TRIBUNNEWS.COM, JAKARTA - Politisi Partai Demokrat Farhan Effendy mencurigai adanya skenario memecah belah partai politik yang memposisikan diri menjadi oposisi untuk menciptakan pemerintahan otoriter. Hal tersebut terlihat dari pecahnya Partai Persatuan Pembangunan (PPP) dan termutakhir kisruh di partai Golkar.
"Saya mencurigai ada semacam 'operasi' memecah semua parpol yang sedang beroposisi. Jika ini benar, saya kira fenomena politik dan kekuasaan ini sudah mengarah pada lonceng kematian demokrasi," ujar Farhan kepada Tribunnews.com, Kamis(27/11/2014).
Sikap itu kata Farhan adalah kemunduran demokrasi jika cara-cara ini dijadikan politik pemerintahan, "Tanda-tanda lampu kuning bagi demokrasi sudah menyala, dan hal ini tentu akan direspon secara kritis oleh rakyat," ujarnya.

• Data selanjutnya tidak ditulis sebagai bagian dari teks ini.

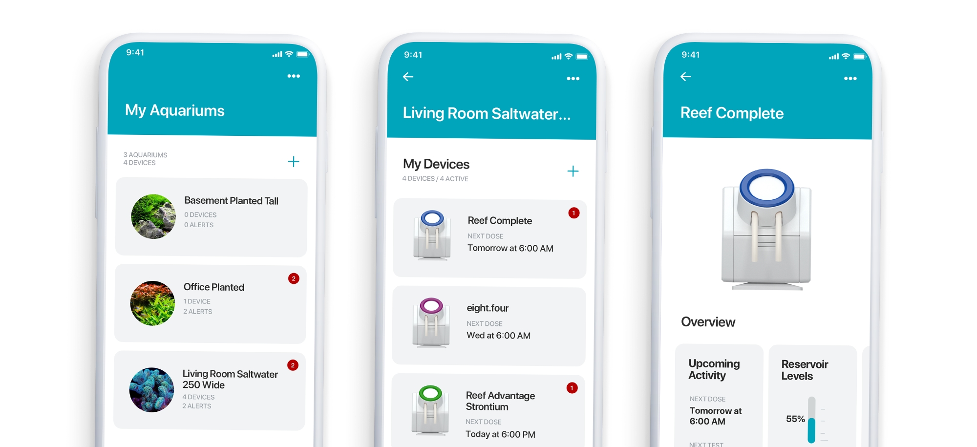 Nastavení a správa více akvárií a zařízení najednou. Přehledné statistiky, jako je hlídání hladiny v nádrži, nadcházející dávkování a plánované testy vody. Upozornění a připomenutí na záznamy o dávkování. Mějte svůj dávkovací režim pod kontrolou!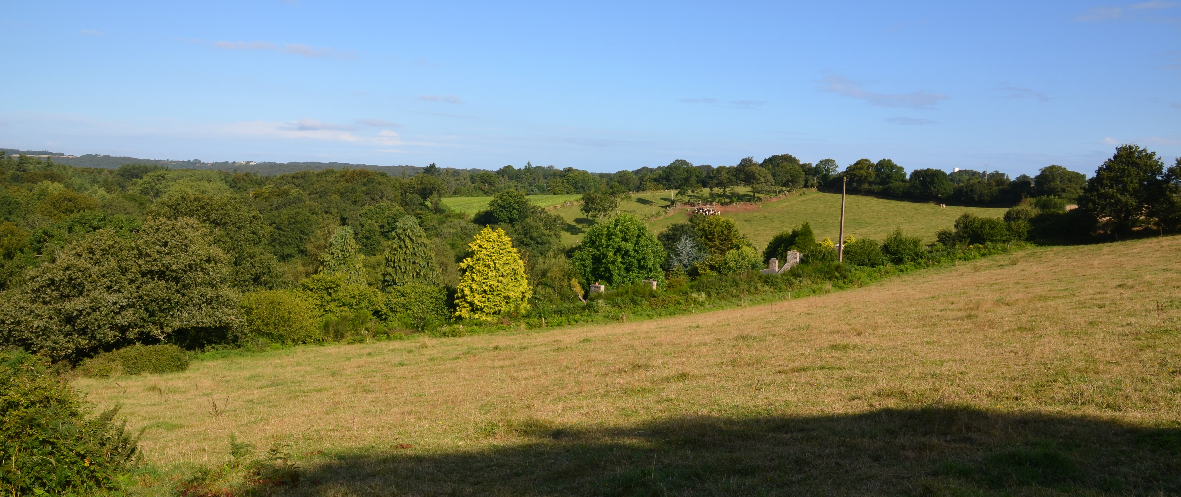 Trémel, Le Traon - Le Val : vue paysagère. L'habitat est protégé par le relief des vents d'est et du nordImmatriculation
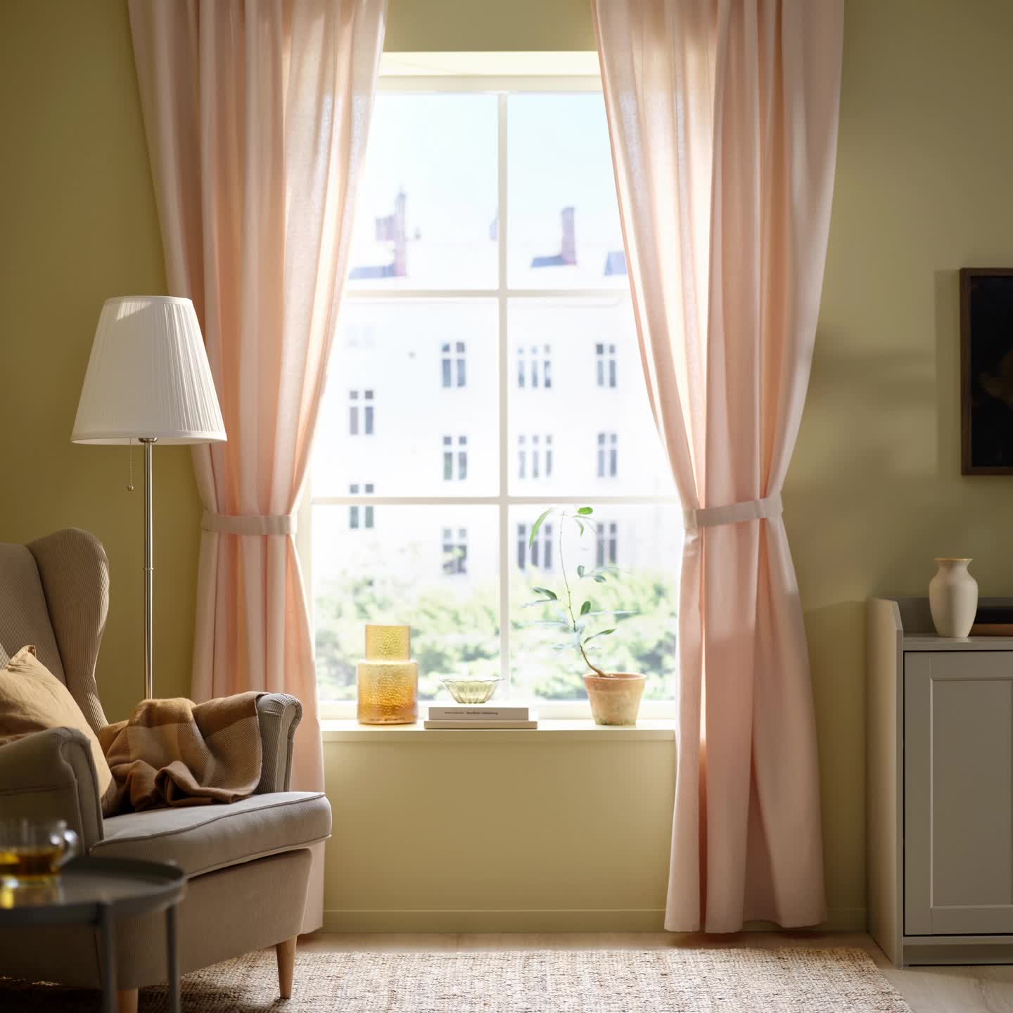 Las cortinas LENDA en algodón de color rosa claro con cinta de fruncir tienen una textura acanalada que les aporta carácter. Ideales para salas o dormitorios, también para soluciones con varias capas. Las tiras le dan un toque decorativo.

Watak-watak otoriter lanjut Farhan juga mulai terlihat muncul. Hal itu terlihat dari kebijakan dan langkah menteri-menterinya yang menjurus kepada upaya mematikan demokrasi.

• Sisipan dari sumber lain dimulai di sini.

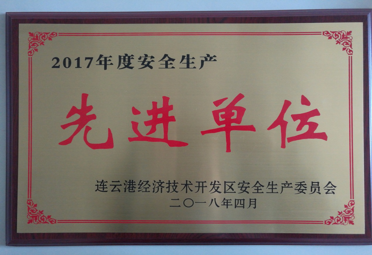 2018年4月28日,開發區2017年度安全生產會議在新海連大廈召開。會上對18家“安全生產先進單位”和26名“安全生產先進個人”進行了表彰。我公司榮獲2017年度開發區“安全生產先進單位”榮譽稱號。氨綸宣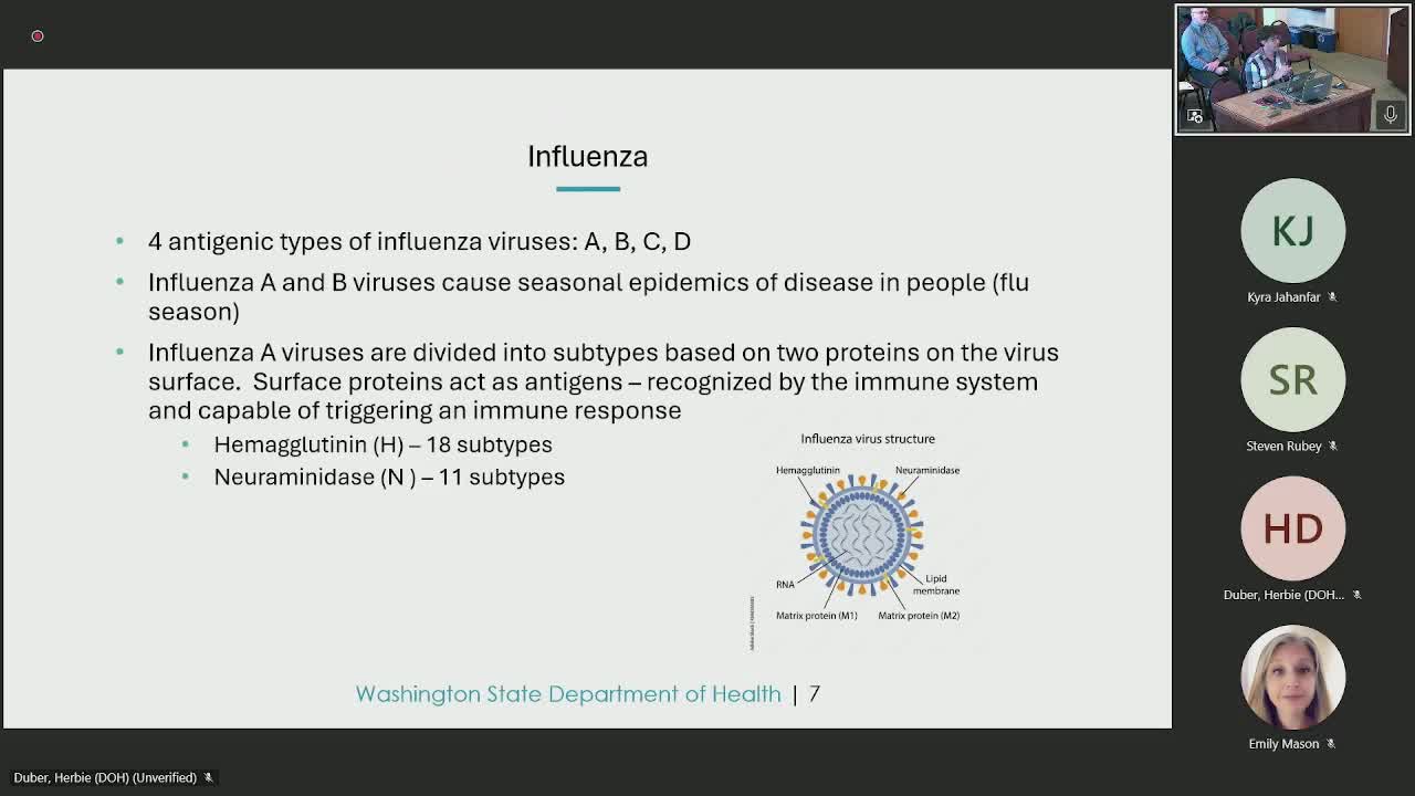 Board members asked about vaccination trends for seasonal respiratory viruses; Duber said flu vaccine uptake has not improved and COVID vaccination levels have declined compared with earlier years, and he emphasized that vaccines reduce severe illness and death even when they do not prevent every infection. He also urged providers to ask about exposure to birds or animal contact when evaluating patients with flu-like illness so public-health partners can decide whether to request specialized testing.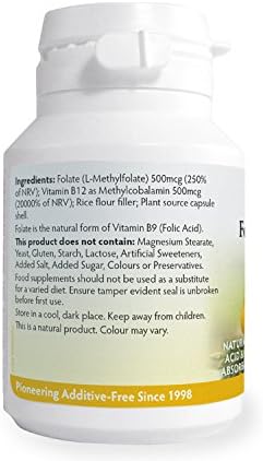 Folate 500mcg & Vitamin B12 500mcg x 90 caps (No Magnesium Stearate)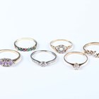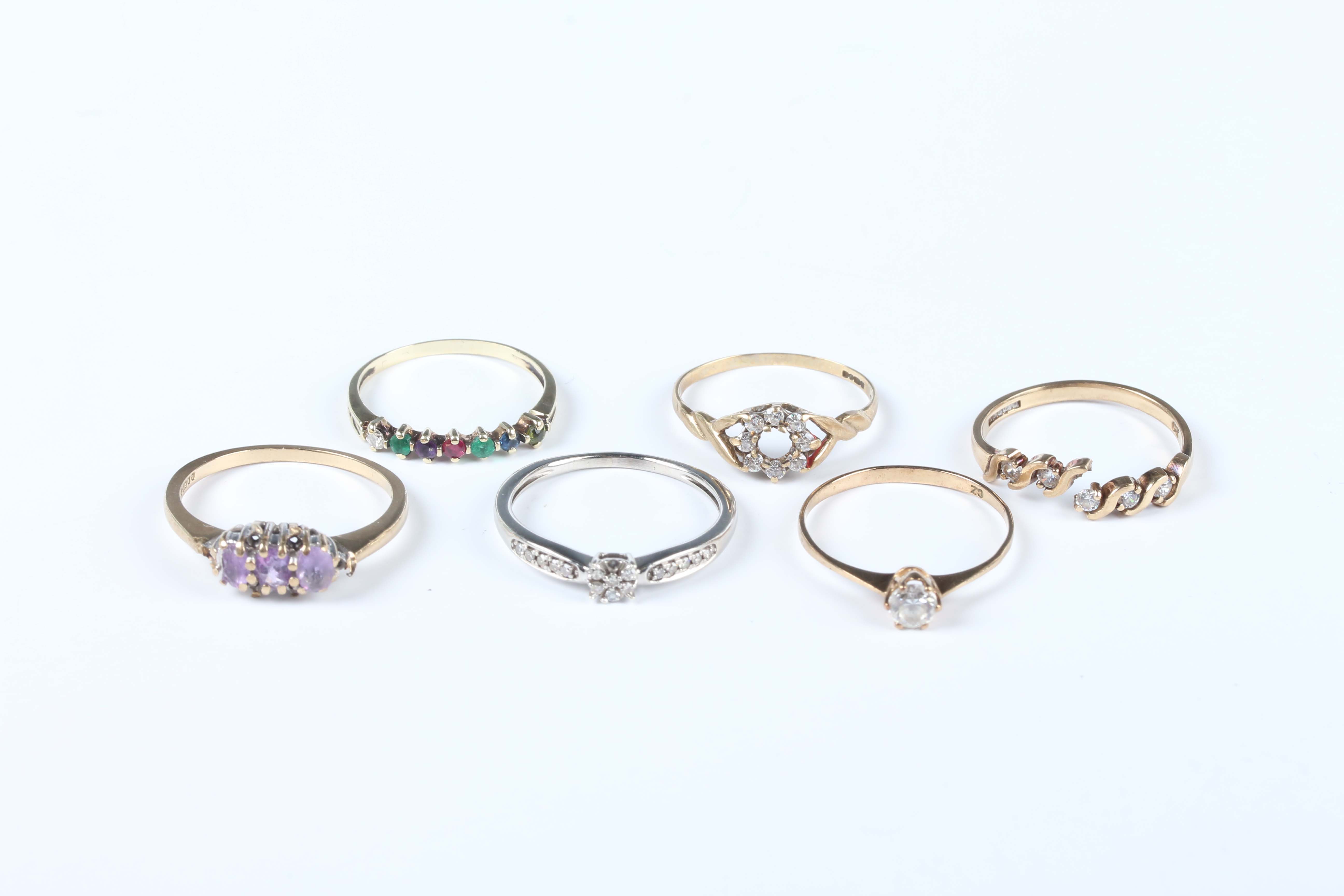 A gold and gemstone set ‘Dearest’ ring, marks rubbed, weight 0.9g, ring size approx K, a 9ct gold and amethyst ring, three 9ct gold and colourless gem set rings, total weight 5.1g, and another colourless gem set ring.

"Belum selesai kontroversi kebijakan Menkumham terhadap kericuhan dan perpecahan PPP, kini Menkopolhukam membuat statement yang tidak waras yakni melarang Golkar melakukan munas di Bali. Gejala ini saya kira adalah kecenderungan para pejabat dan penguasa yang suka menggunakan kekuasaanya untuk tampil menindas, mengebiri dan mengarahkan semua unsur masyarakat sesuai dengan kehendak dan kepentinganya. Apalagi latar belakang Presiden dan ara Menterinya kebanyakan bukan pejuang demokrasi dan pembela rakyat. Mereka kurang paham dan sensitif dalam memaknai keberadaan demokrasi," ujar Sekretaris DPP Partai Demokrat ini.